Я не боюсь быть непонятным, не боюсь быть нечитаемым - это всё, знаете ли, несущественно... Те, кто хоть раз прочтёт мои фантазии, прочтёт их и в следующий раз - моё, чужое, напишет своё... Это люди определённого склада ума, мироощущения, иной жизни.
Солдат, вернувшийся с войны, быть может, только усмехнётся, отбросит мою книжку в сторону.

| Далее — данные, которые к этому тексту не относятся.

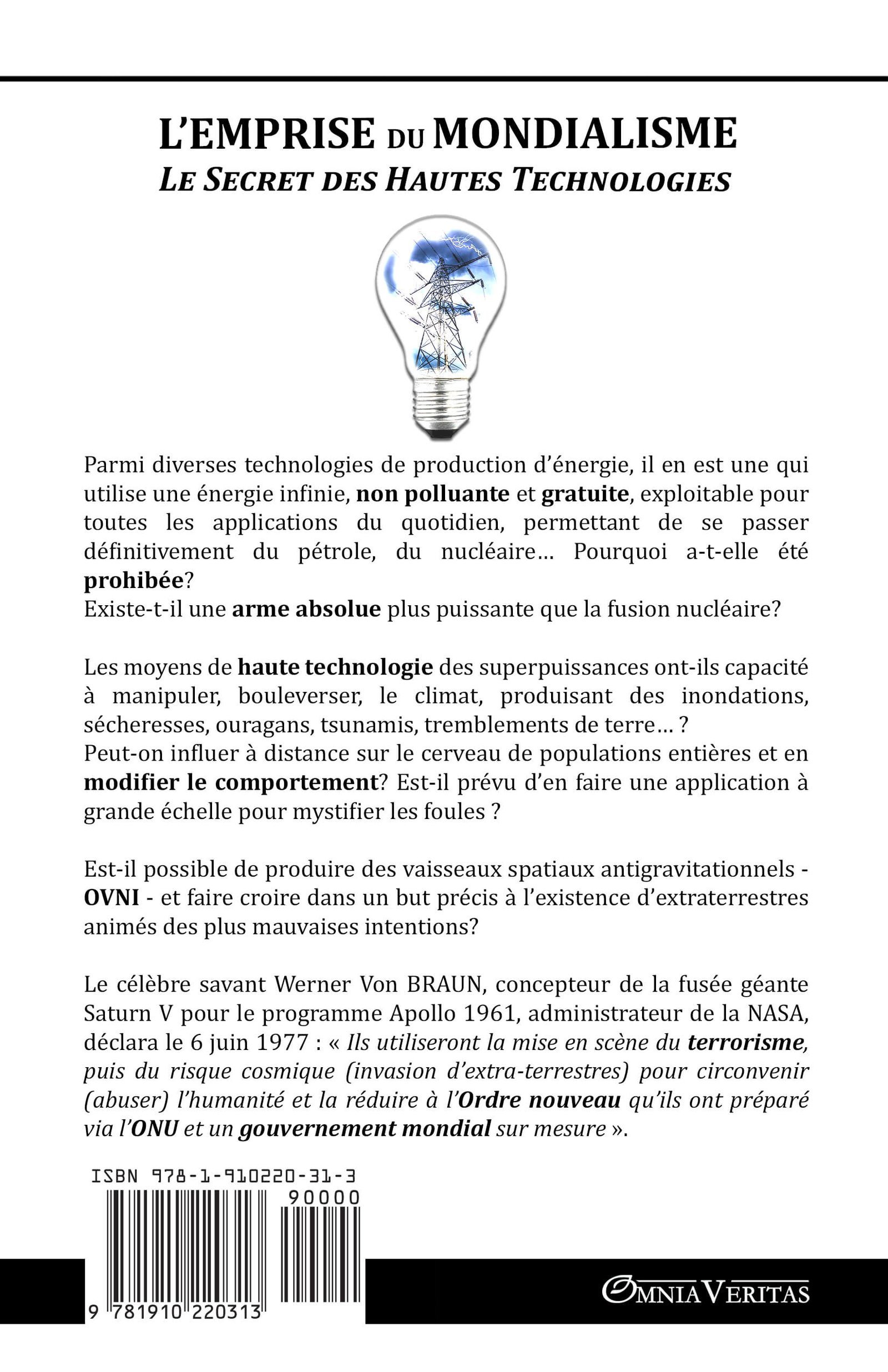 Au fil du temps, ces hautes technologies ont été l’objet de nombreux perfectionnements scientifiques et tactiques réalisés à l’abri de tous regards. Les multiples applications correspondantes civiles et militaires, inimaginables pour le grand public, se rapportent à la manipulation de la pensée, de la volonté. Aux terribles armes de destruction massive, ou sélective. Aux moyens de modifier le temps, de bouleverser le climat en générant à distance des inondations, sécheresses, des ouragans, des tremblements de terre, des tsunamis…

Он прав - мне нечего ему сказать, ему известно больше любого писателя, что есть такое - цена жизни, нелепость смерти, случайность встречи и любви... Но те, кто с пелёнок, с младенчества обеспечен, застрахован, взлелеян, тем надо узнать, что небо бывает не только голубое, наше общее небо...
В этой книжке рассказ о девушке, «которая живёт по-соседству». А стоит ли с ней знакомиться ближе, каждый решает для себя сам. Я только задаю вопрос, сам себе: «А что было бы, с ней и со мной, если бы мы прошли мимо друг друга? Ничего... Или всё? Да был ли я знаком с нею?..».
Всё это, конечно же, глупости и ты, Читатель, уж посмеиваешься моим потугам придать «Слову Автора» какой-то умный вид, но это и хорошо - смеёшься, значит уже всё понимаешь. В моих рассказах ты видишь неумелую выдумку? - значит, ты думаешь и видишь, а мне иного результата и не надо.
Семь смертей Александры
«все Ỡ суть Р»
- Саша! Вставай, пора в школу.
Было около девяти утра, а Саша любившая вставать с первыми лучами солнца, тем более такого – ласкового весеннего солнца, все ещё спала. За окном кричала молочница, а мама, напевая старенькую весёлую песенку о зайцах, собиралась на работу.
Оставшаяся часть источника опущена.